**DESCRIPTION OF THE TASK:**
Find "GARMENT DETAILS: Ultra-soft" below and begin at its line; stop after the line with "Borno children welcoming". Output those lines exactly, without pictures.

**GIVEN INFORMATION:**
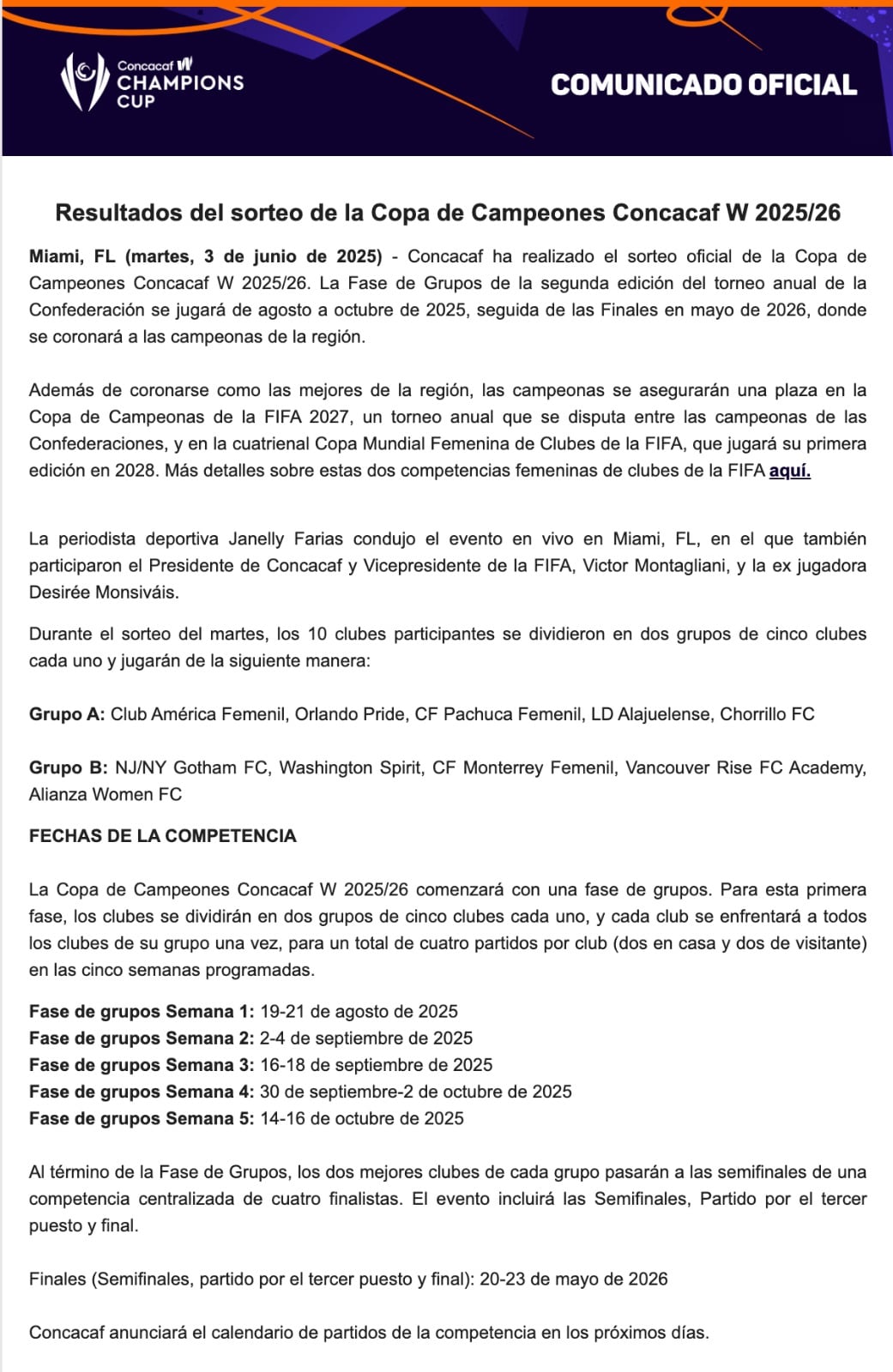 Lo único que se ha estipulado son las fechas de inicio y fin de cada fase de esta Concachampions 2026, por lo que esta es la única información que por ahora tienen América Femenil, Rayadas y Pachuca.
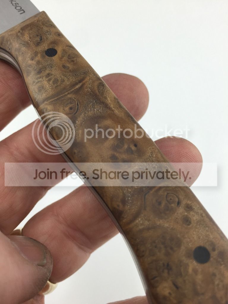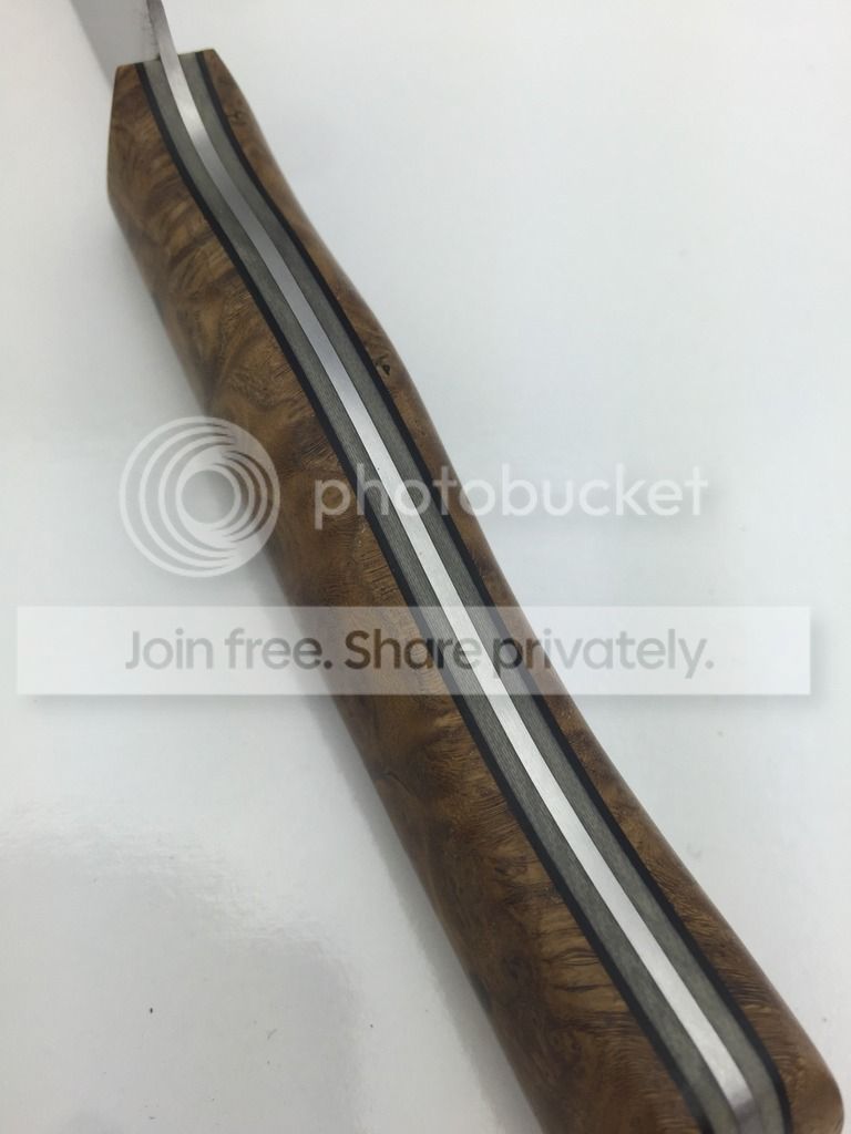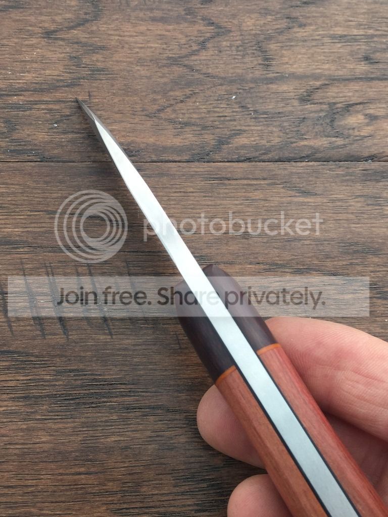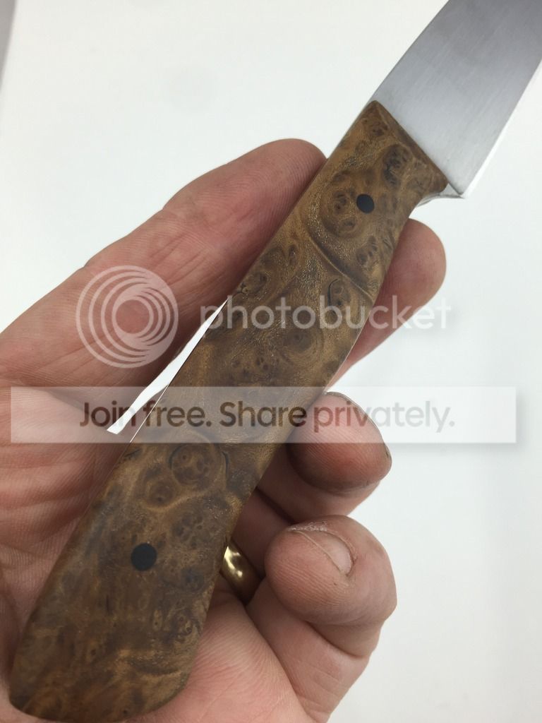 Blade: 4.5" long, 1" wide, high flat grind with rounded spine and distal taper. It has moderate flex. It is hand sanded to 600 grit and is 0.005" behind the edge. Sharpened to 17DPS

...

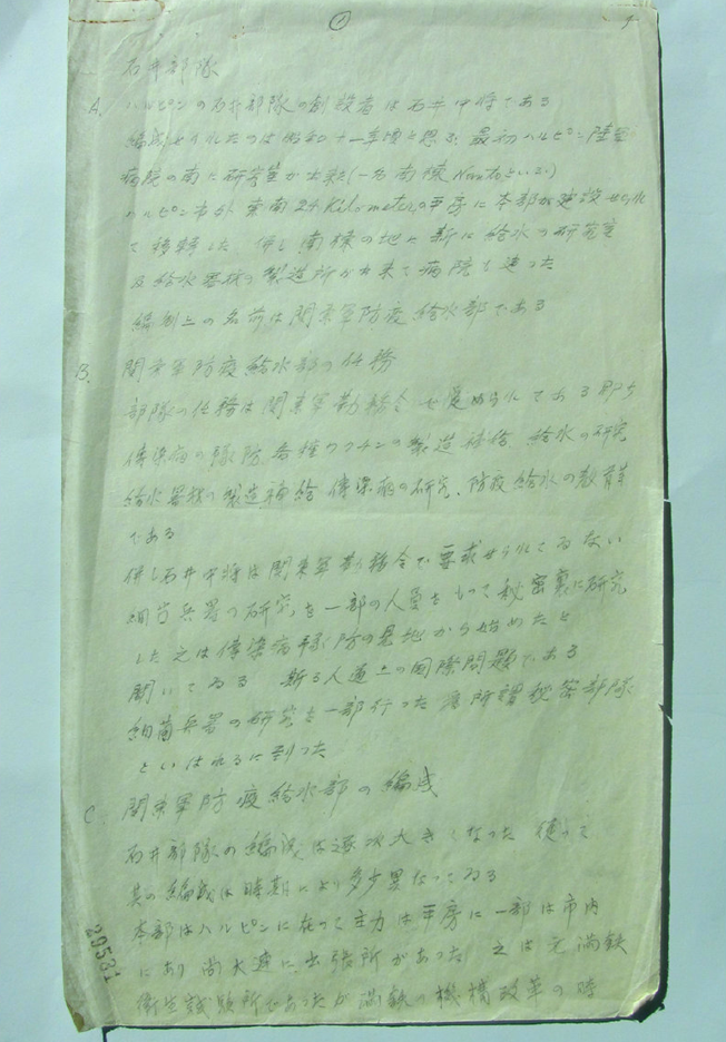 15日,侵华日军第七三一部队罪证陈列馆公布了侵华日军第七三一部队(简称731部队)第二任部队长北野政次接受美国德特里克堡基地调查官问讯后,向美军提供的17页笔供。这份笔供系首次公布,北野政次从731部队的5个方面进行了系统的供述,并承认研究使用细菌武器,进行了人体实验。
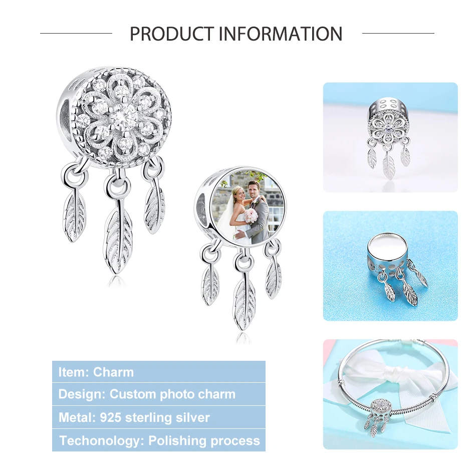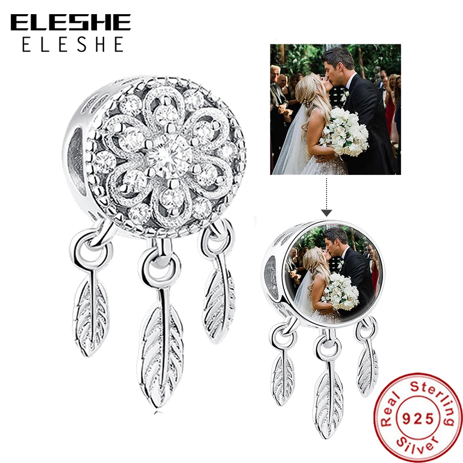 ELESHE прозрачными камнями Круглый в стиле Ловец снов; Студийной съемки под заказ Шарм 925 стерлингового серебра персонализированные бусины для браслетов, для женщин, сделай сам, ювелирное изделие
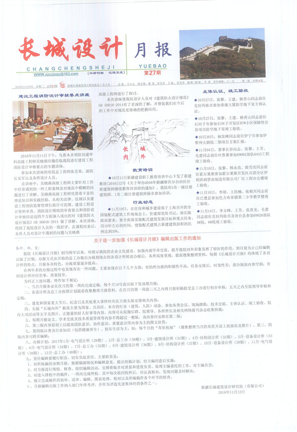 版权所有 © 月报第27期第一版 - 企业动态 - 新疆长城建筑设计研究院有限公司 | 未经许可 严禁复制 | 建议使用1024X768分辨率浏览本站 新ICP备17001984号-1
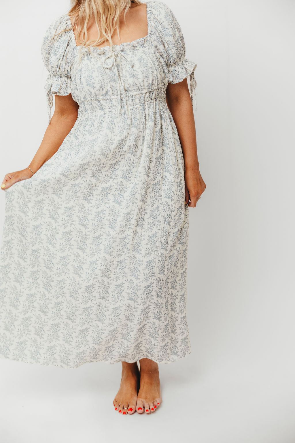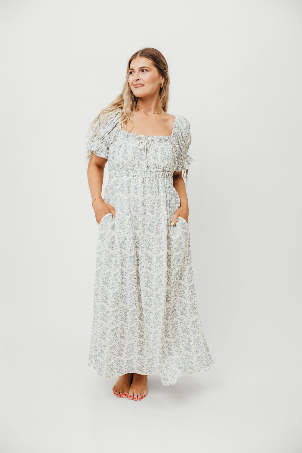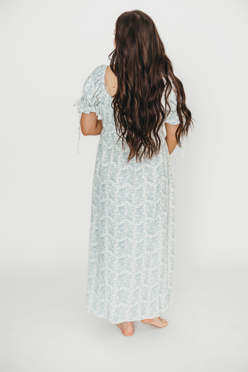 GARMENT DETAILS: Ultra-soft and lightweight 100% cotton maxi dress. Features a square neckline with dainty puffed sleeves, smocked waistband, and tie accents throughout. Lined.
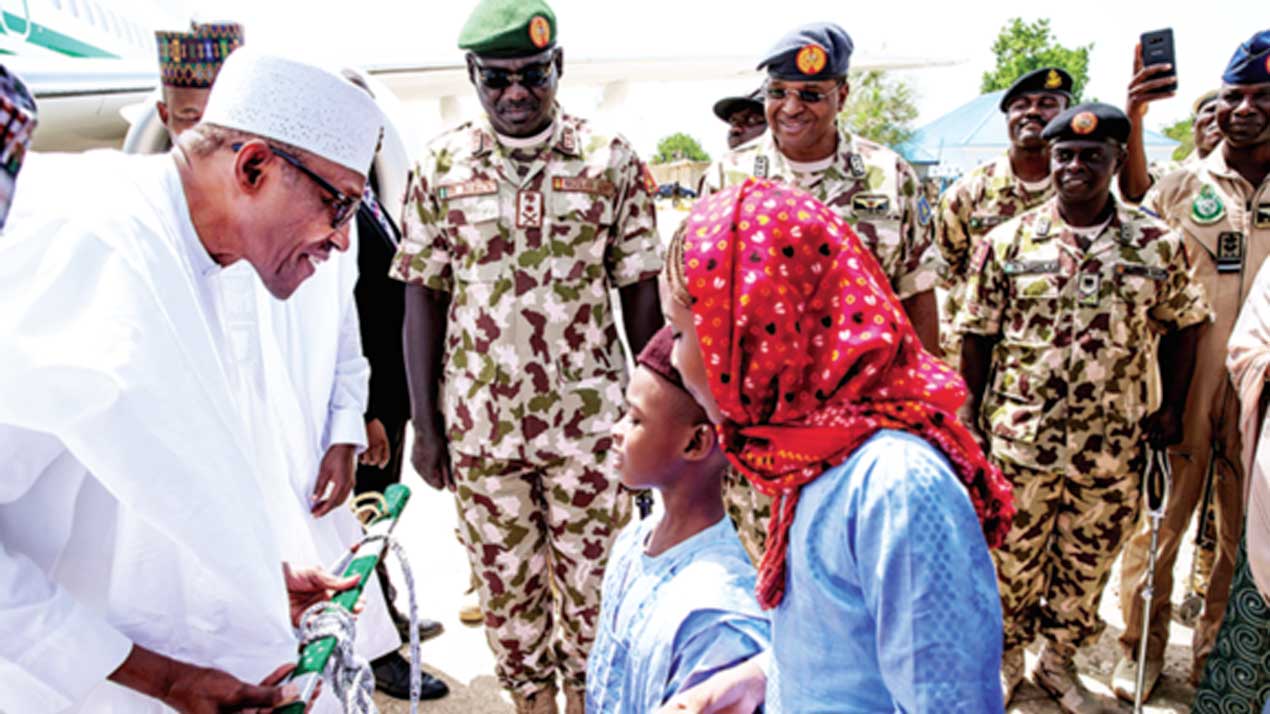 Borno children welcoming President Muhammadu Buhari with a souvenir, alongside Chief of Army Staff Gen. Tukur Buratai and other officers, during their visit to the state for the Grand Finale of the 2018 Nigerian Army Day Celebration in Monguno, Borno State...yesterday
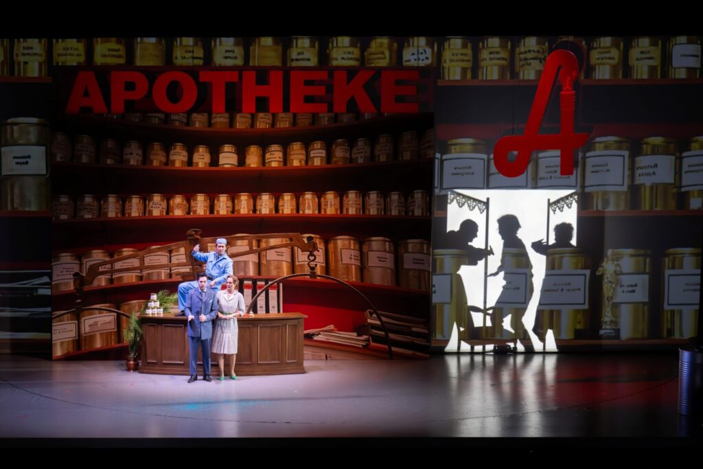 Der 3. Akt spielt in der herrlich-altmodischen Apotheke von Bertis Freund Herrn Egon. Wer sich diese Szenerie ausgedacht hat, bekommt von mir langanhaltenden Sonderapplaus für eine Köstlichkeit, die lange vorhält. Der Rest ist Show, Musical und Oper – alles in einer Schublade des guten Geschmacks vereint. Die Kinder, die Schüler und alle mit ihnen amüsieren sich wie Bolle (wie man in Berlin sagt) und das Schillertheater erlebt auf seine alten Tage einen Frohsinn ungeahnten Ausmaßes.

---

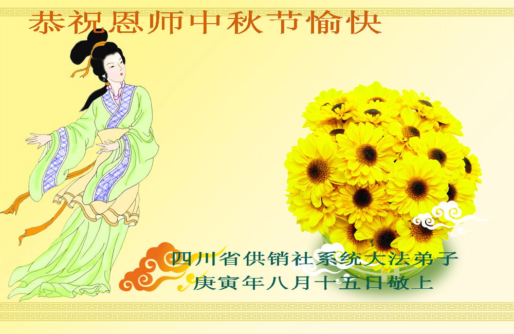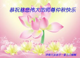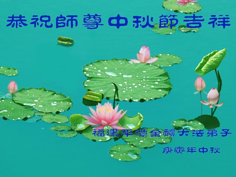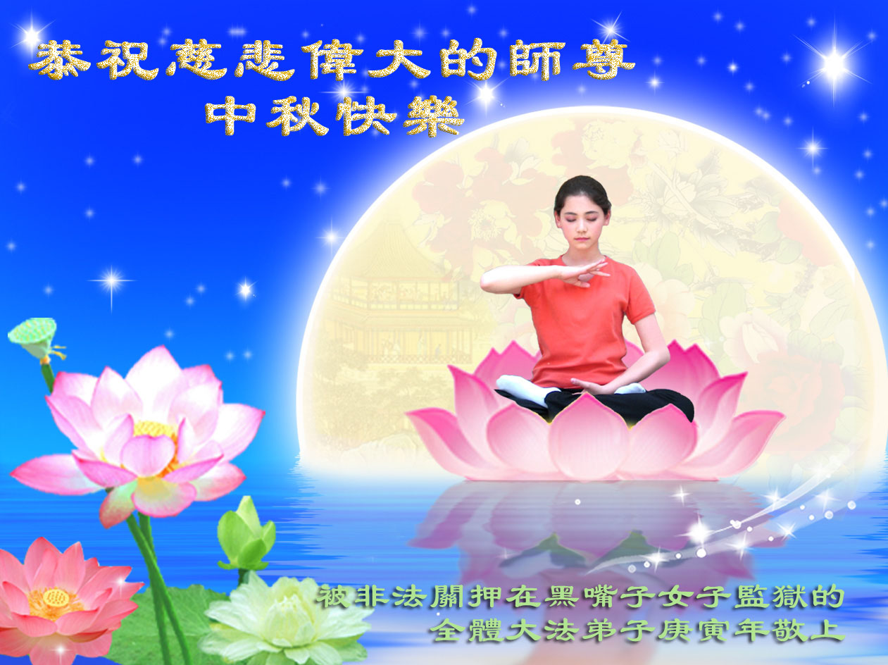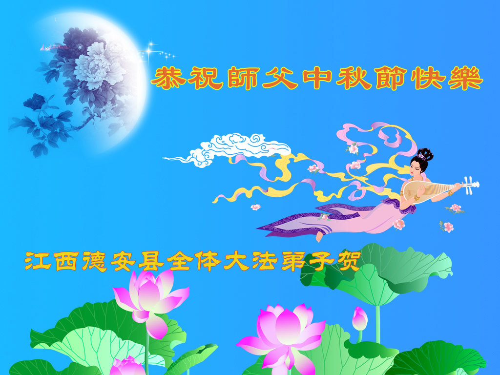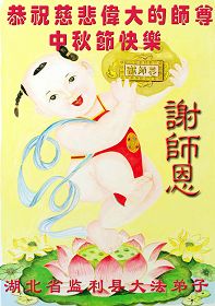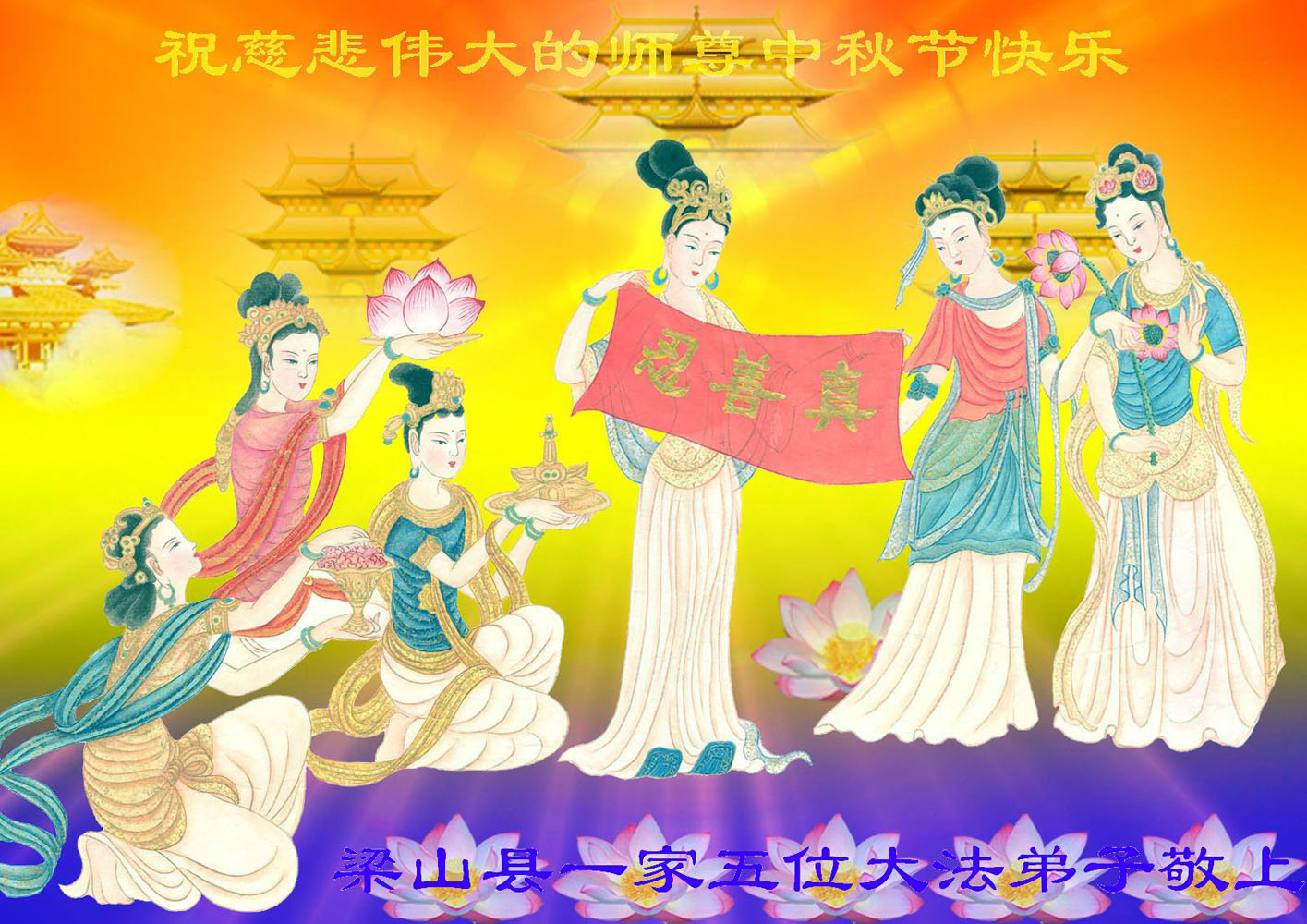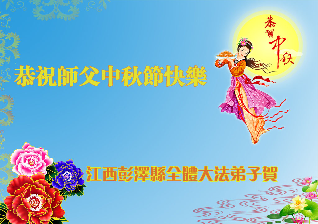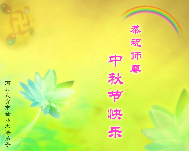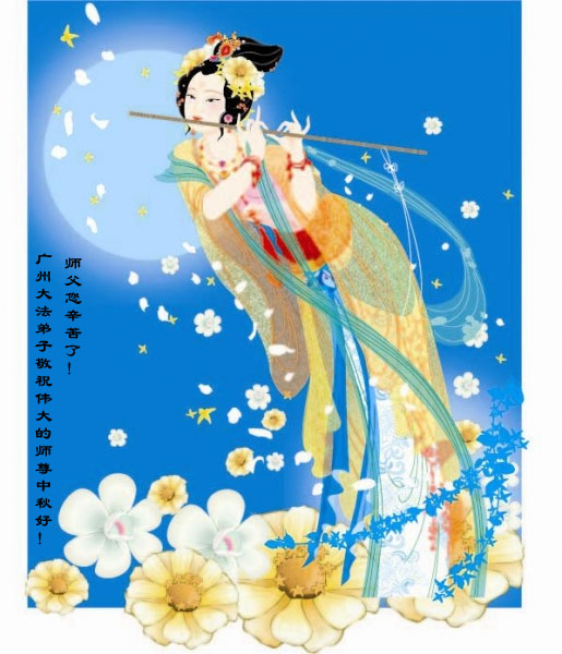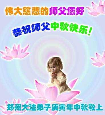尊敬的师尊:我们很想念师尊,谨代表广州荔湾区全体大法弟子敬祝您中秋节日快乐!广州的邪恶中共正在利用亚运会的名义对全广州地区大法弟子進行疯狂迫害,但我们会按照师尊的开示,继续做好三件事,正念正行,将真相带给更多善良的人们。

**WORKED SOLUTION:**
 GARMENT DETAILS: Ultra-soft and lightweight 100% cotton maxi dress. Features a square neckline with dainty puffed sleeves, smocked waistband, and tie accents throughout. Lined.
 Borno children welcoming President Muhammadu Buhari with a souvenir, alongside Chief of Army Staff Gen. Tukur Buratai and other officers, during their visit to the state for the Grand Finale of the 2018 Nigerian Army Day Celebration in Monguno, Borno State...yesterday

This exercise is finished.